| Your task |
Starting at the line that contains "Bring a touch", return every line through the end of the data exactly, without pictures.

| Data shown |
************

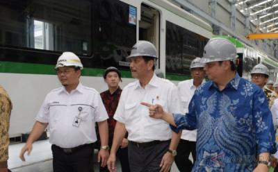 Kenakan Helm Proyek Abu-Abu, Menteri Luhut dan Airlangga Kunjungi PT Inka Madiun
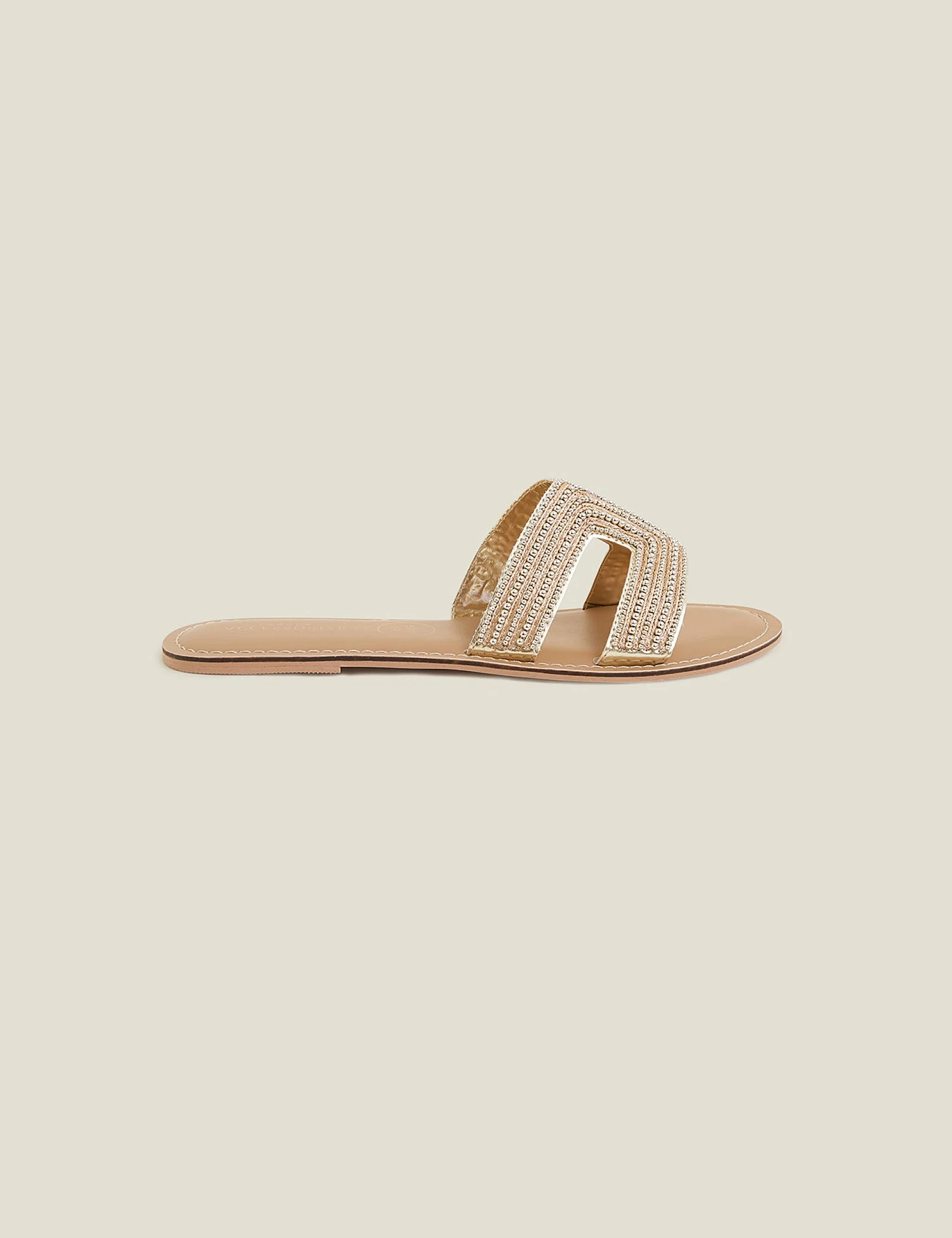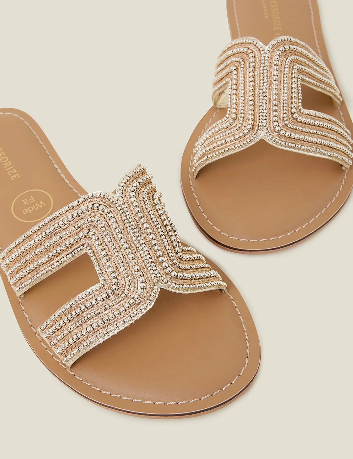 Bring a touch of glamour to your warm-weather ensembles with these sandals by Accessorize. The slip-on style has a wide fit for comfort. Metallic thread and gold-tone beads lend a sparkling effect.
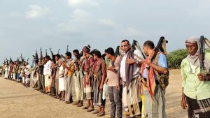 شهدت مديرية الضحي بمحافظة الحديدة اليوم، وقفة قبلية مسلحة وفاءً للشهداء وتأكيداً على الجاهزية لمواجهة قوى الهيمنة والاستكبار العالمي بقيادة أمريكا وبريطانيا والكيان الصهيوني.

************

| Exercise solution |
 Bring a touch of glamour to your warm-weather ensembles with these sandals by Accessorize. The slip-on style has a wide fit for comfort. Metallic thread and gold-tone beads lend a sparkling effect.
 شهدت مديرية الضحي بمحافظة الحديدة اليوم، وقفة قبلية مسلحة وفاءً للشهداء وتأكيداً على الجاهزية لمواجهة قوى الهيمنة والاستكبار العالمي بقيادة أمريكا وبريطانيا والكيان الصهيوني.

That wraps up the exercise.